The conversion is generally straightforward. We convert filesystem from
a global cache to per-fs one. Similarly to ext4 the tricky part is that
xattr block corresponding to found mbcache entry can get freed before we
get buffer lock for that block.

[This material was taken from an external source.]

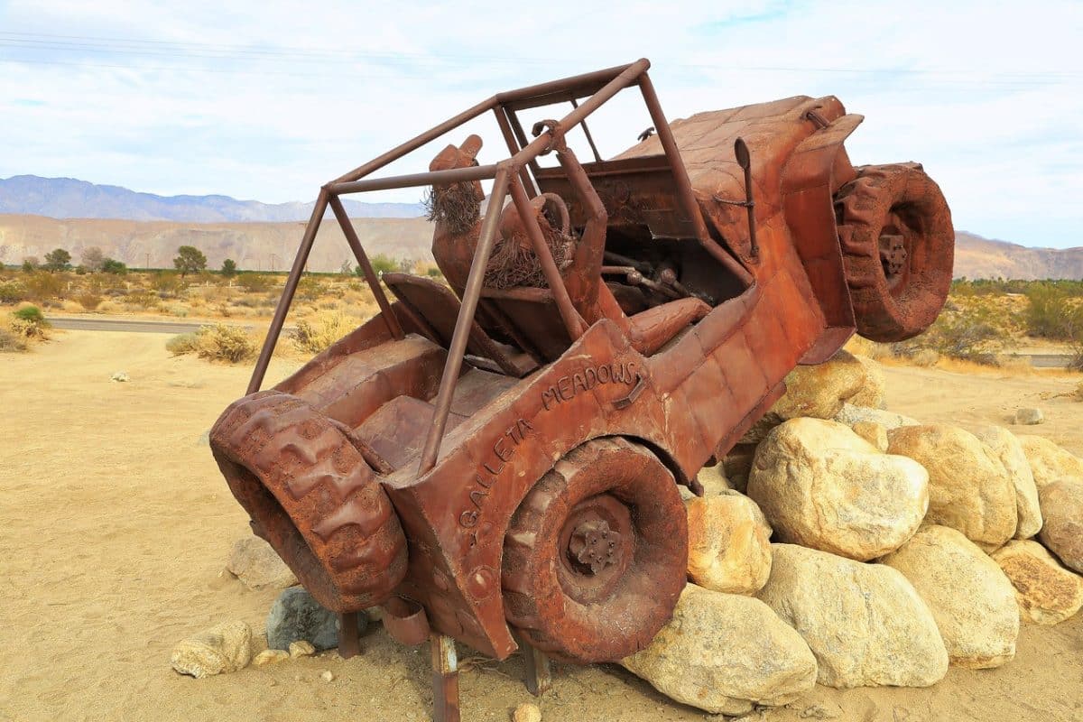 Jeep: A Willys Jeep sculpture complete with a driver and a passenger appear to be climbing rocky terrain in Borrego Springs, California. The Jeep is the actual size of a Willys Jeep and the passengers are life size as well. Photo by Gary Warren/ladailypost.com

So we have to check whether the entry is
still valid after getting the buffer lock.

Signed-off-by: Jan Kara <jack@suse.cz>
---
 fs/ext2/ext2.h  |   3 ++
 fs/ext2/super.c |  25 ++++++----
 fs/ext2/xattr.c | 146 +++++++++++++++++++++++++++-----------------------------
 fs/ext2/xattr.h |  21 ++------
 4 files changed, 95 insertions(+), 100 deletions(-)

diff --git a/fs/ext2/ext2.h b/fs/ext2/ext2.h
index 4c69c94cafd8..f98ce7e60a0f 100644
--- a/fs/ext2/ext2.h
+++ b/fs/ext2/ext2.h
@@ -61,6 +61,8 @@ struct ext2_block_alloc_info {
 #define rsv_start rsv_window._rsv_start
 #define rsv_end rsv_window._rsv_end
 
+struct mb2_cache;
+
 /*
  * second extended-fs super-block data in memory
  */
@@ -111,6 +113,7 @@ struct ext2_sb_info {
 	 * of the mount options.
 	 */
 	spinlock_t s_lock;
+	struct mb2_cache *s_mb_cache;
 };
 
 static inline spinlock_t *
diff --git a/fs/ext2/super.c b/fs/ext2/super.c
index 748d35afc902..111a31761ffa 100644
--- a/fs/ext2/super.c
+++ b/fs/ext2/super.c
@@ -131,7 +131,10 @@ static void ext2_put_super (struct super_block * sb)
 
 	dquot_disable(sb, -1, DQUOT_USAGE_ENABLED | DQUOT_LIMITS_ENABLED);
 
-	ext2_xattr_put_super(sb);
+	if (sbi->s_mb_cache) {
+		ext2_xattr_destroy_cache(sbi->s_mb_cache);
+		sbi->s_mb_cache = NULL;
+	}
 	if (!(sb->s_flags & MS_RDONLY)) {
 		struct ext2_super_block *es = sbi->s_es;
 
@@ -1104,6 +1107,14 @@ static int ext2_fill_super(struct super_block *sb, void *data, int silent)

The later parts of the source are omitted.